↓

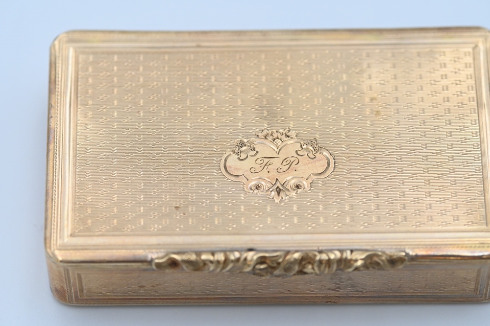 Dutch 14 Karat Gold Box, rectangular in shape with hinged lid, inscribed inside “Herrn Adolf Grimminger”, 1 5/8 x 2 3/4 x 1/2 inches, 39 grams. (small dents). Provenance: Collection of Anton Peek previously from the Hague.
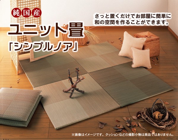 【商品名】 純国産 ユニット畳 『シンプルノア』 ブラウン 82×82×1.7cm(9枚1セット) 軽量タイプ 【ジャンル・特徴】 たたみジョイントマット ■サイズ・色違い・関連商品■4枚1セット ブルー■4枚1セット ブラウン■6枚1セット ブルー■6枚1セット ブラウン■9枚1セット ブルー■9枚1セット ブラウン[当ページ] 届いたユニット畳を床に置くだけで和のスペースが出来上がります。ヘリの無い、半畳タイプです。同系色の色で飽きのこない、落ち着いた市松柄を出しました。表生地には国産(九州産)のい草を使用しています。一本一本が太く、表皮が厚く、繊維がキメ細かいので弾力性があり、耐久性に優れています。い草には空気の自然浄化作用、湿度の調節作用などがあります。また汚れにくく、使用するうちに黄金色に変化し、味が出ます。軽量タイプなので、持ち運び、設置、片づけなども楽にできます。裏の不織布にはすべり止め加工を施しています。また、連結用のテープを使用すれば、お部屋に合わせて簡単に何枚でもつなげることが出来ます。■商品スペック【サイズ】82×82×1.7cm【素材】表地=い草(九州産) ※
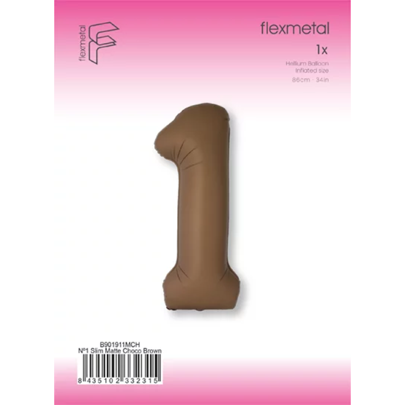 Шар (40''/102 см) Цифра, 1 Slim, Шоколад, Матовый, 1 шт. в уп., B901911MCH
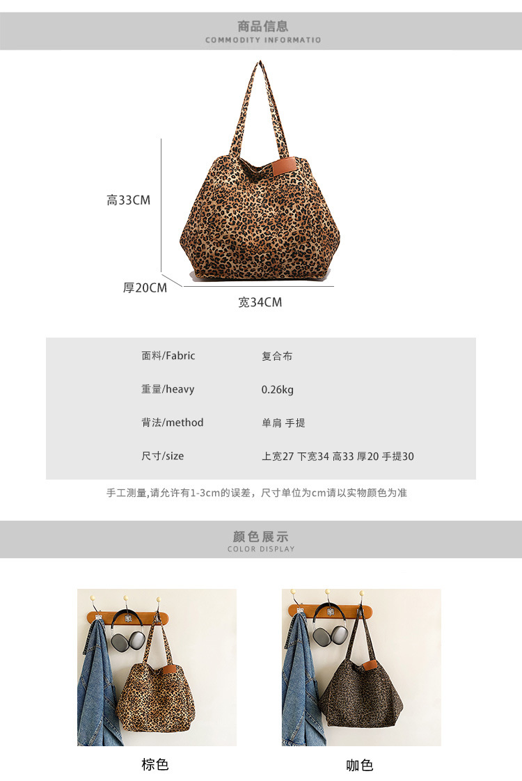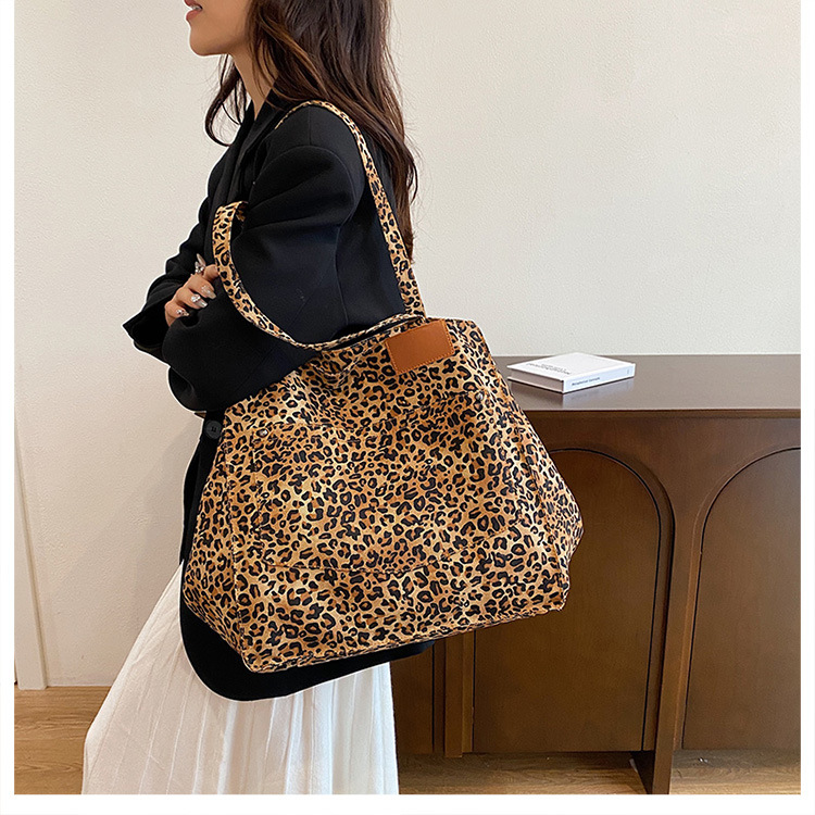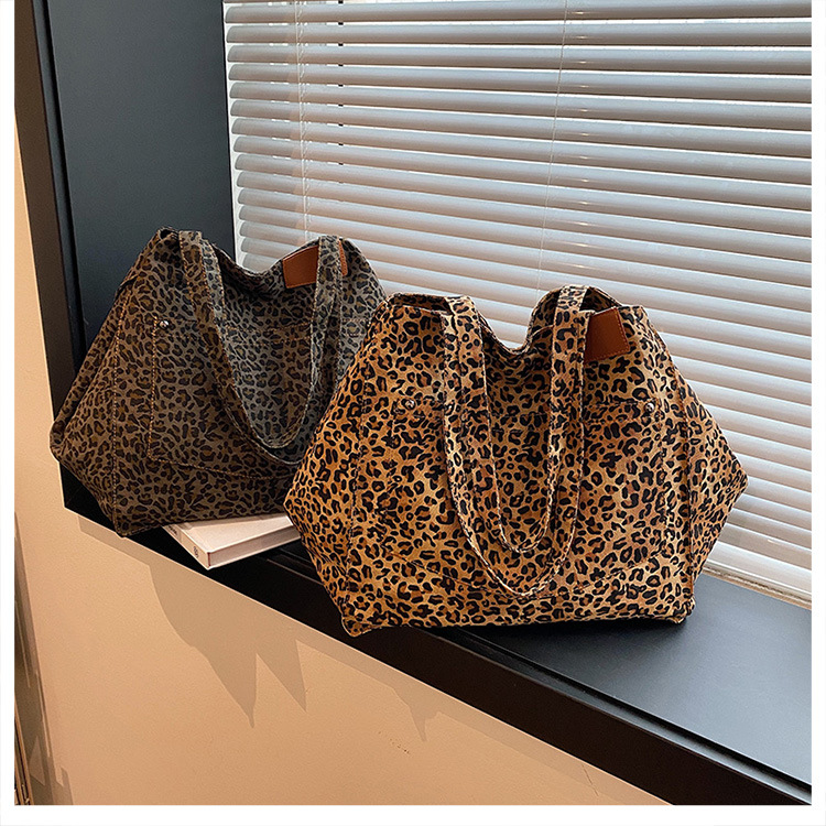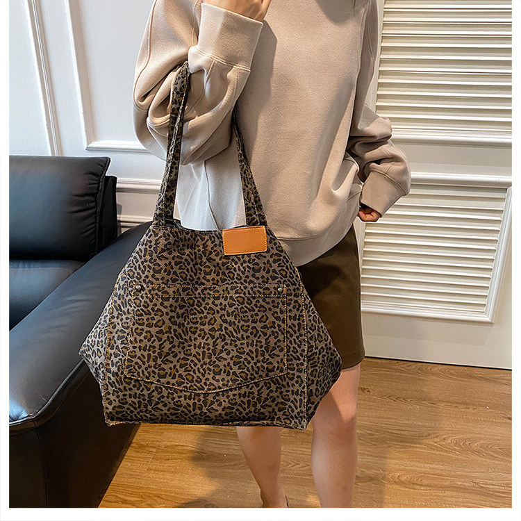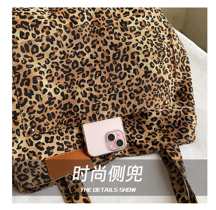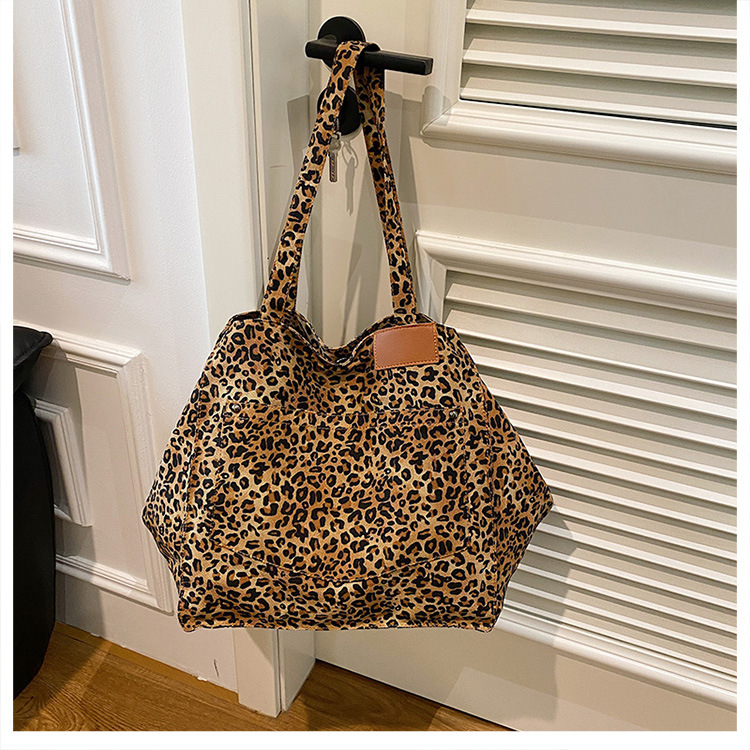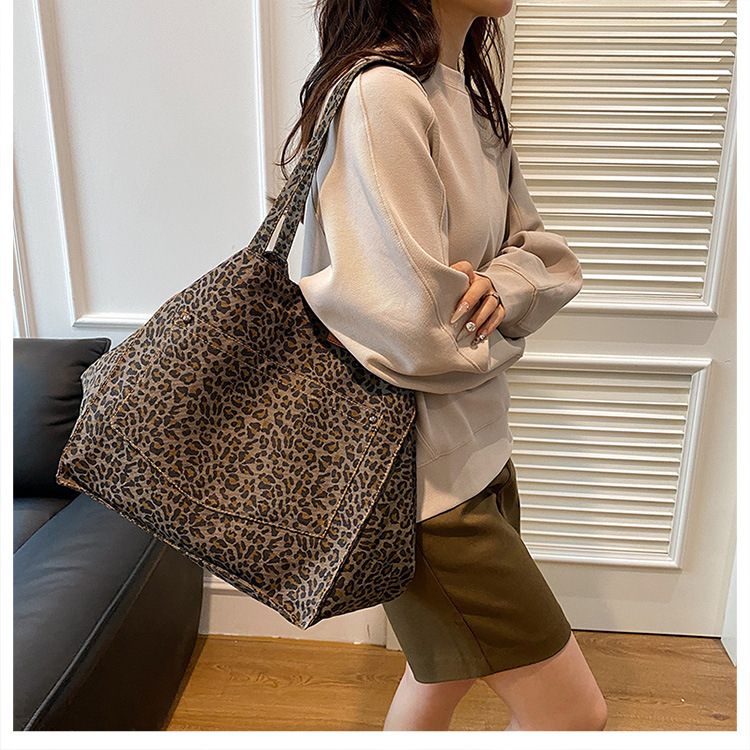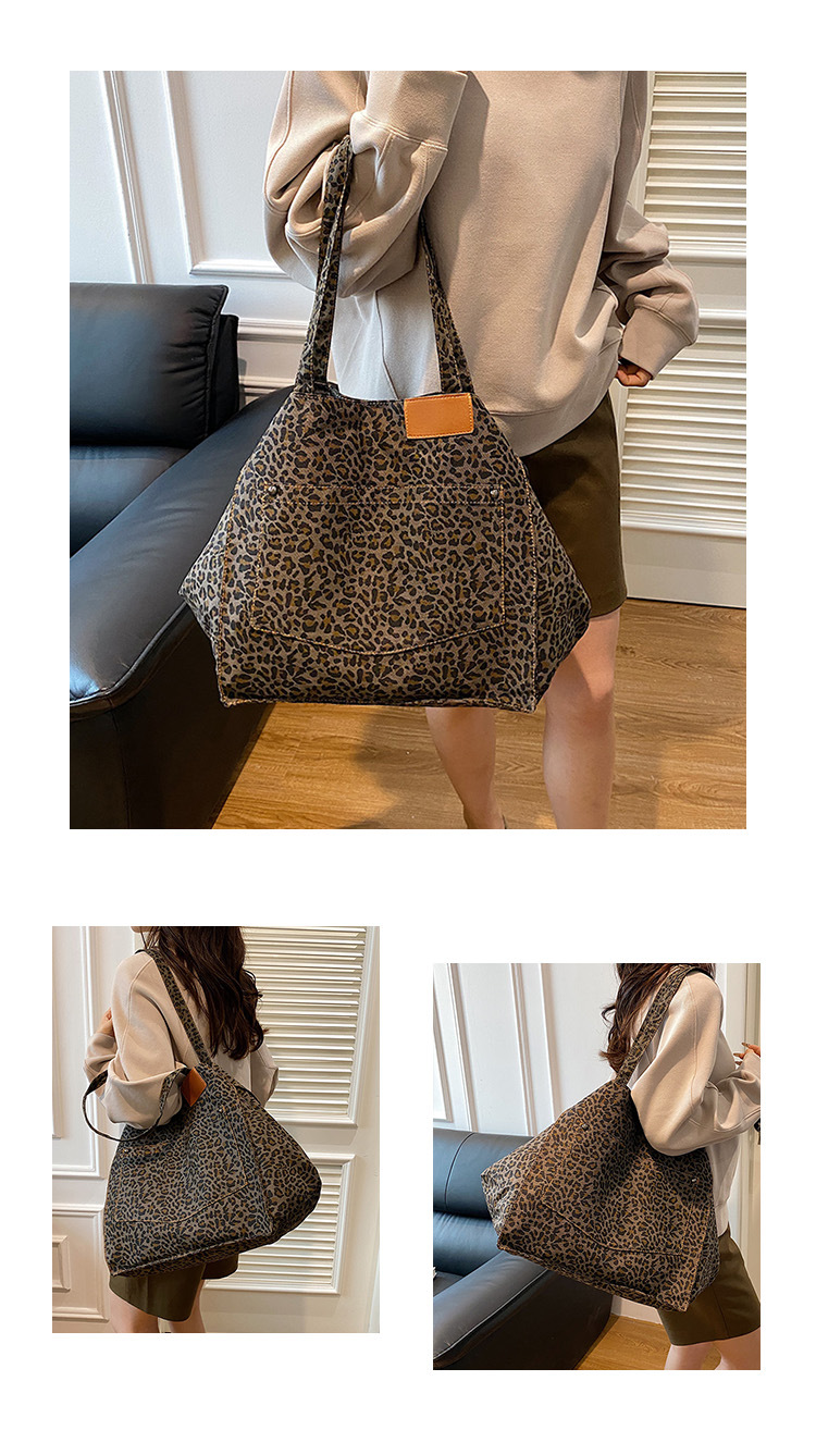 Bolso de mano de lona con estampado de leopardo de nicho Bolso de mujer Bolso de mano de moda de gran capacidad casual Bolso bandolera de estilo occidental coreano

↑

Only the pictures stay behind; everything else in the data above is to be retyped exactly.

 Dutch 14 Karat Gold Box, rectangular in shape with hinged lid, inscribed inside “Herrn Adolf Grimminger”, 1 5/8 x 2 3/4 x 1/2 inches, 39 grams. (small dents). Provenance: Collection of Anton Peek previously from the Hague.
 【商品名】 純国産 ユニット畳 『シンプルノア』 ブラウン 82×82×1.7cm(9枚1セット) 軽量タイプ 【ジャンル・特徴】 たたみジョイントマット ■サイズ・色違い・関連商品■4枚1セット ブルー■4枚1セット ブラウン■6枚1セット ブルー■6枚1セット ブラウン■9枚1セット ブルー■9枚1セット ブラウン[当ページ] 届いたユニット畳を床に置くだけで和のスペースが出来上がります。ヘリの無い、半畳タイプです。同系色の色で飽きのこない、落ち着いた市松柄を出しました。表生地には国産(九州産)のい草を使用しています。一本一本が太く、表皮が厚く、繊維がキメ細かいので弾力性があり、耐久性に優れています。い草には空気の自然浄化作用、湿度の調節作用などがあります。また汚れにくく、使用するうちに黄金色に変化し、味が出ます。軽量タイプなので、持ち運び、設置、片づけなども楽にできます。裏の不織布にはすべり止め加工を施しています。また、連結用のテープを使用すれば、お部屋に合わせて簡単に何枚でもつなげることが出来ます。■商品スペック【サイズ】82×82×1.7cm【素材】表地=い草(九州産) ※
 Шар (40''/102 см) Цифра, 1 Slim, Шоколад, Матовый, 1 шт. в уп., B901911MCH
 Bolso de mano de lona con estampado de leopardo de nicho Bolso de mujer Bolso de mano de moda de gran capacidad casual Bolso bandolera de estilo occidental coreano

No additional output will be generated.